TechWhirl (TECHWR-L) is a resource for technical writing and technical communications professionals of all experience levels and in all industries to share their experiences and acquire information.
For two decades, technical communicators have turned to TechWhirl to ask and answer questions about the always-changing world of technical communications, such as tools, skills, career paths, methodologies, and emerging industries. The TechWhirl Archives and magazine, created for, by and about technical writers, offer a wealth of knowledge to everyone with an interest in any aspect of technical communications.

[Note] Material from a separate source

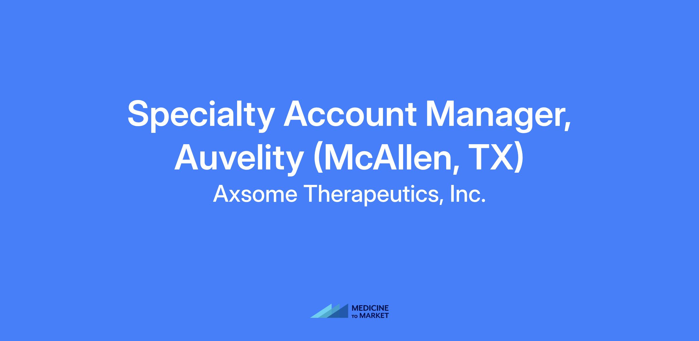 Specialty Account Manager to execute commercial activities for assigned geographies and promote AUVELITY for major depressive disorder in adults, with potential future indications. Field-based role requiring access to customers in clinic or hospital settings and engagement through digital channels. You will be a disease category expert and product champion, providing account management support and insights on the local landscape.
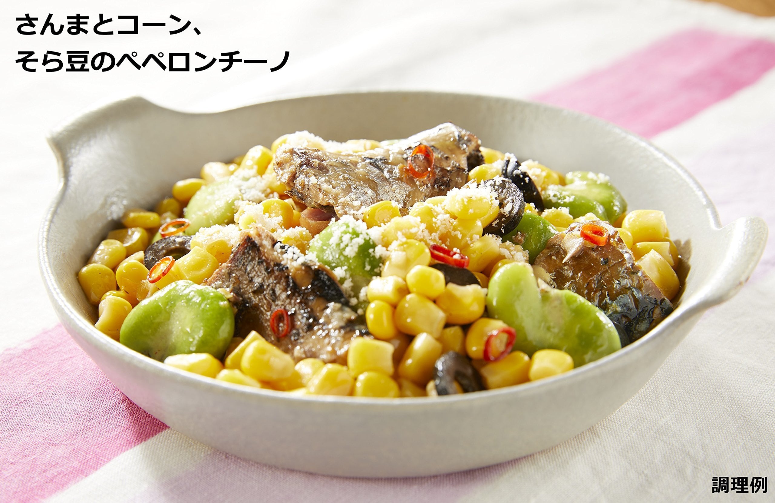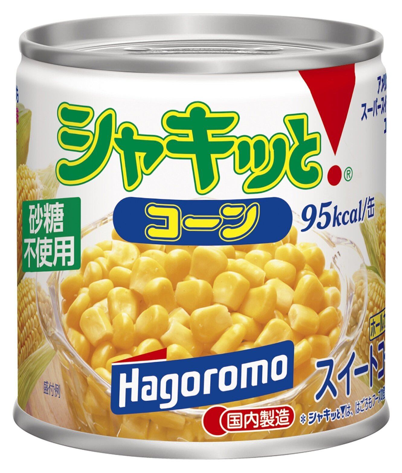 アメリカで収穫後4時間以内に急速凍結したスイートコーンを、国内で選別後缶詰にしました。

Subject:Re: voice recognition software From:Matt Ion <soundy -at- SOUNDY -dot- ML -dot- ORG> Date:Fri, 21 Aug 1998 17:58:23 -0800
On Fri, 21 Aug 1998 15:46:40 -0500, Dave Whelan wrote:
>>Both use speech recognition, as opposed to voice
>>recognition. Simple system navigation works very well with little or no
>training.
>>With an hour or so put into training, dictation of discreet speech runs
>upward of
>>90-95wpm.
>
>Does this mean that if one person trains it for an hour or so, it can
>produce corrected type at 90-95wpm from anyone's speech?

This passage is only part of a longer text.